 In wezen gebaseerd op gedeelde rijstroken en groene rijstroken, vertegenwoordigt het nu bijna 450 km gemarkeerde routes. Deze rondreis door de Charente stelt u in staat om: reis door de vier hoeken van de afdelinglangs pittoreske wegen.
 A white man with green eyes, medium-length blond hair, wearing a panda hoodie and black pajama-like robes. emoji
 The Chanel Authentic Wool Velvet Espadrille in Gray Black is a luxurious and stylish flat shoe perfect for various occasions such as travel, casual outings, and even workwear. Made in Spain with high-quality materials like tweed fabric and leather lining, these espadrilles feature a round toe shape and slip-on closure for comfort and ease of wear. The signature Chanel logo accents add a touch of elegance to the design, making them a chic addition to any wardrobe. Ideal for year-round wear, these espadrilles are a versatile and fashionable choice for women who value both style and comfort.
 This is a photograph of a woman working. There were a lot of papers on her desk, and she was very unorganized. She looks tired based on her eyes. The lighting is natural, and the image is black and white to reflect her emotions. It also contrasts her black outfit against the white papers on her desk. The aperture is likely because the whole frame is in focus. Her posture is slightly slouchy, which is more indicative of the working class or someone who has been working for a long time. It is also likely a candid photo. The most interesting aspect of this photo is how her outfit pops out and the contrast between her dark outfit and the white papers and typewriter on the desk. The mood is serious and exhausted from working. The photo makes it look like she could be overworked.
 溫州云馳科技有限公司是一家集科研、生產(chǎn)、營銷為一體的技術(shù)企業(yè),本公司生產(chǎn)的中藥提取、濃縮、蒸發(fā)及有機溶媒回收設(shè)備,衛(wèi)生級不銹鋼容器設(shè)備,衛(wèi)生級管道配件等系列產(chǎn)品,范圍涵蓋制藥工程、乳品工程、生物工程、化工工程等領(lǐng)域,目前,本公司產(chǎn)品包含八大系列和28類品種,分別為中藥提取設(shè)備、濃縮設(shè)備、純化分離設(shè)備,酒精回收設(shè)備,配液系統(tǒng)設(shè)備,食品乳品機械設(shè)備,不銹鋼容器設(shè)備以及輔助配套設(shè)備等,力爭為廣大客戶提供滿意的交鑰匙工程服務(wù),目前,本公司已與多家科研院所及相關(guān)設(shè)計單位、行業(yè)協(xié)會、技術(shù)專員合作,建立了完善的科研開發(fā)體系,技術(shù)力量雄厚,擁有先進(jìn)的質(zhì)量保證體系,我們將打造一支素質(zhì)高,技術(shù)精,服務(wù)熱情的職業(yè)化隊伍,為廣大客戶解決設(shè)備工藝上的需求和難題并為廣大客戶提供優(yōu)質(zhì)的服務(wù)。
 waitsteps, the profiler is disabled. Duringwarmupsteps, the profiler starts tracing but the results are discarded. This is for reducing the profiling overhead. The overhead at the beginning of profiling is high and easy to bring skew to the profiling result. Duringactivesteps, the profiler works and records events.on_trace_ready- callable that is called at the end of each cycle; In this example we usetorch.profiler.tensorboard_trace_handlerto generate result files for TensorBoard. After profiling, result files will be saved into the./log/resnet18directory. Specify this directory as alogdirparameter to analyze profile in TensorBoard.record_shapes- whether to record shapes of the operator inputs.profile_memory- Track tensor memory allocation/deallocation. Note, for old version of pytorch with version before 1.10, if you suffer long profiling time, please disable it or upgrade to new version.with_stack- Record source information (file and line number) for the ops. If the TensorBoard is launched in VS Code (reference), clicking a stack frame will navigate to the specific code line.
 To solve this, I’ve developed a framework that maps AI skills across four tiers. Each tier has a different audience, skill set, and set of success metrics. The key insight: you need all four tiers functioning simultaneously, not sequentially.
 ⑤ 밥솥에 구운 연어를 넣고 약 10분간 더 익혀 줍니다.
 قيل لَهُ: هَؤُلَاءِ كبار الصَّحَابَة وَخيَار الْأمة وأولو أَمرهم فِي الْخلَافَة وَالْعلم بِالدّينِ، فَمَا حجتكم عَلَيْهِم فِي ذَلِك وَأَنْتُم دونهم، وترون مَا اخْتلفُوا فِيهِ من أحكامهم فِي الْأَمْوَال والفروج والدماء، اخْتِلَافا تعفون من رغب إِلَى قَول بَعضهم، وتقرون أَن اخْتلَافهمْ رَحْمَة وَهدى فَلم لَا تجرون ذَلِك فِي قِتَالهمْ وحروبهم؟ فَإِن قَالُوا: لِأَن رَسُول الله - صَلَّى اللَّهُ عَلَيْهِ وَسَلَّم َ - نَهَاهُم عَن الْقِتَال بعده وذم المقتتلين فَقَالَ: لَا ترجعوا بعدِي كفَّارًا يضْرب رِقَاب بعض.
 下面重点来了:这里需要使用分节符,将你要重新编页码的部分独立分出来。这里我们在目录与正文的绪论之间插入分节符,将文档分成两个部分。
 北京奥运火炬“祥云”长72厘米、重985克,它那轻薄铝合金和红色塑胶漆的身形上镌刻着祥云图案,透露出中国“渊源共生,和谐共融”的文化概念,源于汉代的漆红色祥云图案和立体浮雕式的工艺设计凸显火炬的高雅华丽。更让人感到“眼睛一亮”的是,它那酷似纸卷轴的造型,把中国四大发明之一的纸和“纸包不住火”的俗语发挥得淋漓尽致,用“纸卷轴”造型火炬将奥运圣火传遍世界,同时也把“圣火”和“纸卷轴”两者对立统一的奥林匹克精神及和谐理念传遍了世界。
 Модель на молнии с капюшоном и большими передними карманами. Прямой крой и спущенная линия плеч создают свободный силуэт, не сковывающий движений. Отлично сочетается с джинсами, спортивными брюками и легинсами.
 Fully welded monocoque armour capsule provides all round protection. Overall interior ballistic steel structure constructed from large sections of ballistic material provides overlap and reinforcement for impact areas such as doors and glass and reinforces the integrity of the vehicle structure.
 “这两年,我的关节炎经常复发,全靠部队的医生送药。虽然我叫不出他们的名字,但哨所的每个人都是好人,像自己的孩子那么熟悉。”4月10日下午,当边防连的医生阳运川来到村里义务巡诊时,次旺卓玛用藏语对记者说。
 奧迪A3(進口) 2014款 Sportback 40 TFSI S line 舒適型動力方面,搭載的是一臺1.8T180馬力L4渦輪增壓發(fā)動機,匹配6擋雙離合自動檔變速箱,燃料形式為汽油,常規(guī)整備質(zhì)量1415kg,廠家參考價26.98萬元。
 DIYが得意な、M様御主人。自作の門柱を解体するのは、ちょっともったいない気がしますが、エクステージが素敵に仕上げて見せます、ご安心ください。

### Aim of the task
Restate the listing word for word, but only from its first line through the line with "A white man", keeping both end lines.

### Written answer
 In wezen gebaseerd op gedeelde rijstroken en groene rijstroken, vertegenwoordigt het nu bijna 450 km gemarkeerde routes. Deze rondreis door de Charente stelt u in staat om: reis door de vier hoeken van de afdelinglangs pittoreske wegen.
 A white man with green eyes, medium-length blond hair, wearing a panda hoodie and black pajama-like robes. emoji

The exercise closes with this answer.